I have a few thousand CSV files in S3, and I want to load them, concatenate them together into a single pandas dataframe, and share that entire dataframe with all dask workers on a cluster. All of the files are approximately the same size (~1MB). I am using 8 processes per machine (one per core) and one thread per process. The entire dataframe fits comfortably into each worker process's memory. What is the most efficient and scalable way to accomplish this?
I implemented this workflow using MPI4py as follows: use a thread pool in one worker process to read all of the files into pandas dataframes, concatenate the dataframes together, and use MPI4py's broadcast function to send the complete dataframe to all of the other worker processes.
I've thought of five ways to accomplish this in dask:
- Each worker reads all of the files using pandas.read_csv, and then concatenates them together using pandas.concat.
- Use dask.dataframe.from_delayed to read all files into a distributed dask dataframe, use dask.distributed.worker_client to get a client on each worker process, and then use dask.dataframe.compute on each worker to get the pandas dataframe.
- Load the distributed dataframe as in solution 2, use dask.distributed.Client.replicate to distribute all of the partitions to all of the workers, use dask.distributed.worker_client to get a client on each worker process, and use dask.dataframe.compute to get the pandas dataframe in each worker process.
- Load the distributed dataframe as in solution 2, use dask.dataframe.compute to bring the the dataframe into the local process, delete the distributed dataframe from the cluster (by cancelling the futures), and use dask.distributed.Client.scatter(broadcast=True, direct=True) to send the local pandas dataframe to all workers.
- Load the distributed dataframe and gather it to the local process as in solution 4, use dask.distributed.Client.scatter(broadcast=False) to send it to a worker process, use dask.distributed.Client.replicate to send it to all other workers.
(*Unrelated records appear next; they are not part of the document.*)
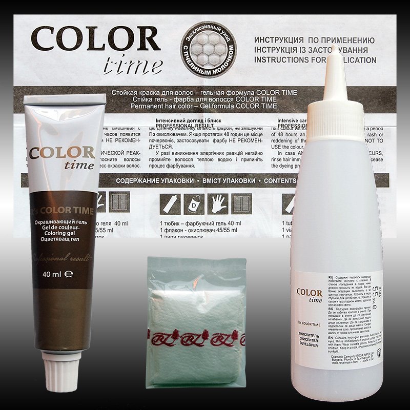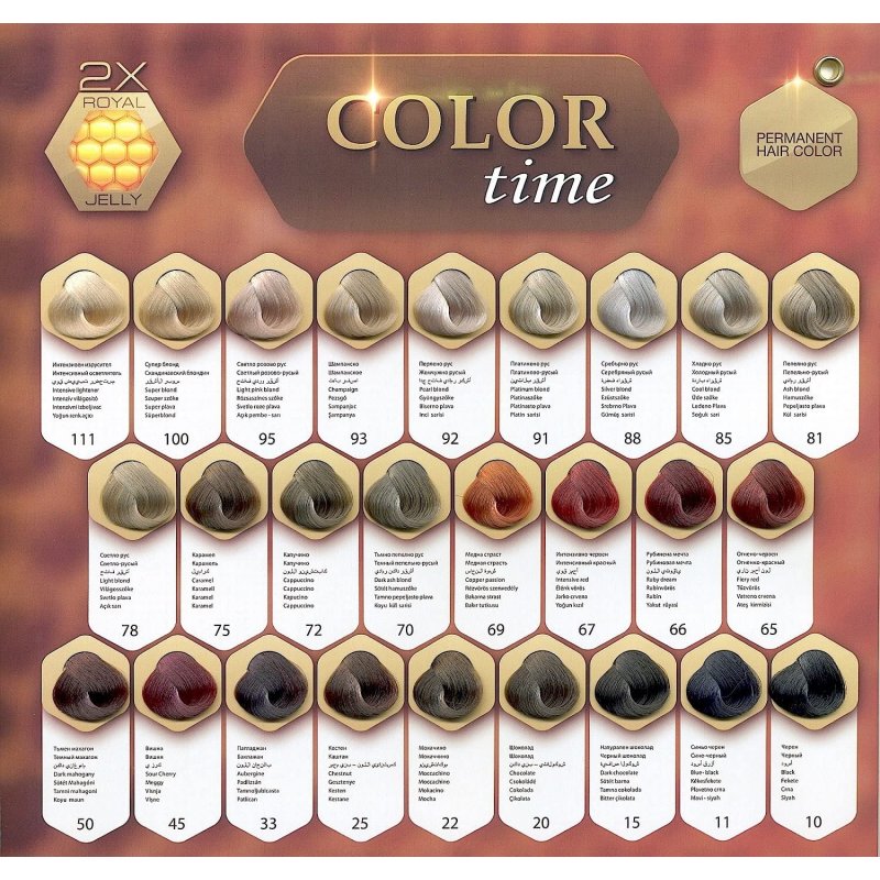 Ottieni un colore radioso e naturale con Color Time Royal Jelly Vitamin C Permanent Gel Hair Color. Colore permanente per capelli di qualità premium che offre un colore intenso e un'ampia copertura del grigio. Disponibile in una vasta gamma di colori. La tinta permanente in gel con pappa reale e 18 aminoacidi, peptidi, proteine e steroli nutrono e ristrutturano i capelli. La formula in gel consente una miscelazione e un'applicazione sui capelli facili e senza gocce e contribuisce alla penetrazione delle molecole di colore. Finitura professionale e di qualità dalla sua applicazione. Goditi un colore più intenso e brillante, oltre a una lunga durata che ti permetterà di sfoggiarlo più a lungo. Le sostanze nutritive della pappa reale risultano essere "il materiale fondamentale" per le cellule ciliate, contribuendo al recupero e fortificazione della sua struttura ea migliorarne l'aspetto. Prima dell'uso, leggere attentamente le istruzioni passo passo incluse nella confezione. Il risultato del colore dipende dal colore dei tuoi capelli. Se i tuoi capelli sono due toni più scuri del colore scelto, ti consigliamo di utilizzare prima lo sbiancamento intensivo n. 111 per attenuare la tonalità, in modo da ottenere l'effetto desiderato.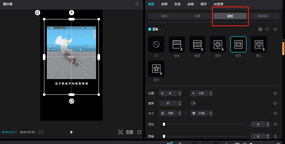 方法三:添加蒙版,并给蒙版添加模糊效果,使蒙版更自然导入视频,并将视频拖放到时间线上。复制一份原素材,放在上层。点击工具栏里的矩形蒙版,将矩形蒙版放置在有水印的地方。接着再点击特效里的模糊效果,使水印部分变得模糊。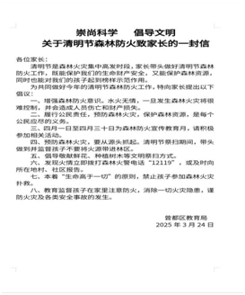 東關(guān)小學(xué)通過(guò)釘釘家校工作群,向全體家長(zhǎng)推送了區(qū)教育局關(guān)于清明節(jié)森林防火致學(xué)生家長(zhǎng)的一封信,家校攜手做好森林防火工作,為保護(hù)環(huán)境助力。

Solutions 2-5 have a huge advantage over the MPI4py version in that they leverage off of dask's ability to load the dataframe in parallel. However, none of those solutions get anywhere close to the performance of MPI4py's broadcast function when it's time to distribute the data around the cluster. In addition, I'm having trouble predicting their memory usage, and I see many messages from the workers complaining that the event loop was unresponsive for multiple seconds.
At this stage, I'm inclined to use the first solution: even though the data-loading is inefficient, it's not that slow, and in my experience it's the most robust. Surely I will be leaving a lot of performance potential on the table if I go this route. Is there any way to improve one of the dask solutions? Or is there another solution that I haven't considered?